Top of Exercise data
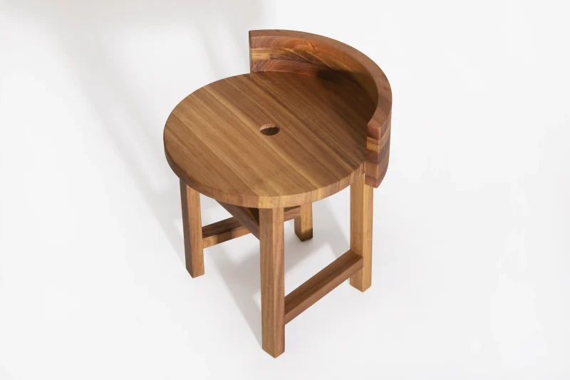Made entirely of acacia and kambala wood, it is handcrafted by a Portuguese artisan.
Bottom of Exercise data
Top of Exercise data
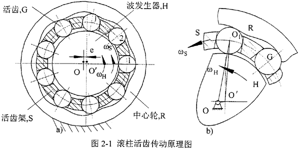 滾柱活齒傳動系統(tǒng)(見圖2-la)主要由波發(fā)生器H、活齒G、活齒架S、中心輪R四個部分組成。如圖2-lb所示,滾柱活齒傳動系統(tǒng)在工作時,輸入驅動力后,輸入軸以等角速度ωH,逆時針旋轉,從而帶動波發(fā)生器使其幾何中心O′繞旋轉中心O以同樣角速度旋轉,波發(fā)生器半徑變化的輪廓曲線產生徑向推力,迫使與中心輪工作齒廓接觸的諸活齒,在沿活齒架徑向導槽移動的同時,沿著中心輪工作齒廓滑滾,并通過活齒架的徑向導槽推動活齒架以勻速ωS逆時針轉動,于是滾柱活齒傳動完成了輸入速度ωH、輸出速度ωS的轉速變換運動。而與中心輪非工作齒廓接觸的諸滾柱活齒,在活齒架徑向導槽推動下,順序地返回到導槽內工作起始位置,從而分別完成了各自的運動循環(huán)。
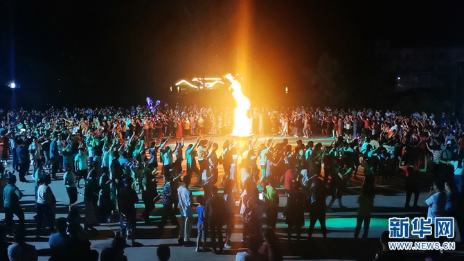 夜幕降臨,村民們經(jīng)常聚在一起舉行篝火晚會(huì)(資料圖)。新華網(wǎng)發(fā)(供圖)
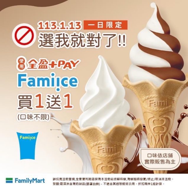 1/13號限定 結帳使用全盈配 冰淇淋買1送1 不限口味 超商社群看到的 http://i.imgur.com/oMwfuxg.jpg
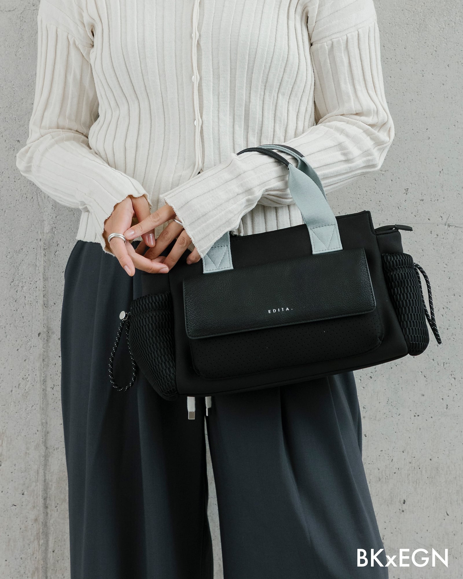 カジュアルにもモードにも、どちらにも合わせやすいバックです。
Bottom of Exercise data
Assignment -> Using the entries above, reproduce word for word only the lines from the one that contains "夜幕降臨,村民們經(jīng" to the one that contains "カジュアルにもモードにも、どちらにも合わせやすいバックです。", both ends included, and drop every picture.

Solution for this task ->
 夜幕降臨,村民們經(jīng)常聚在一起舉行篝火晚會(huì)(資料圖)。新華網(wǎng)發(fā)(供圖)
 1/13號限定 結帳使用全盈配 冰淇淋買1送1 不限口味 超商社群看到的 http://i.imgur.com/oMwfuxg.jpg
 カジュアルにもモードにも、どちらにも合わせやすいバックです。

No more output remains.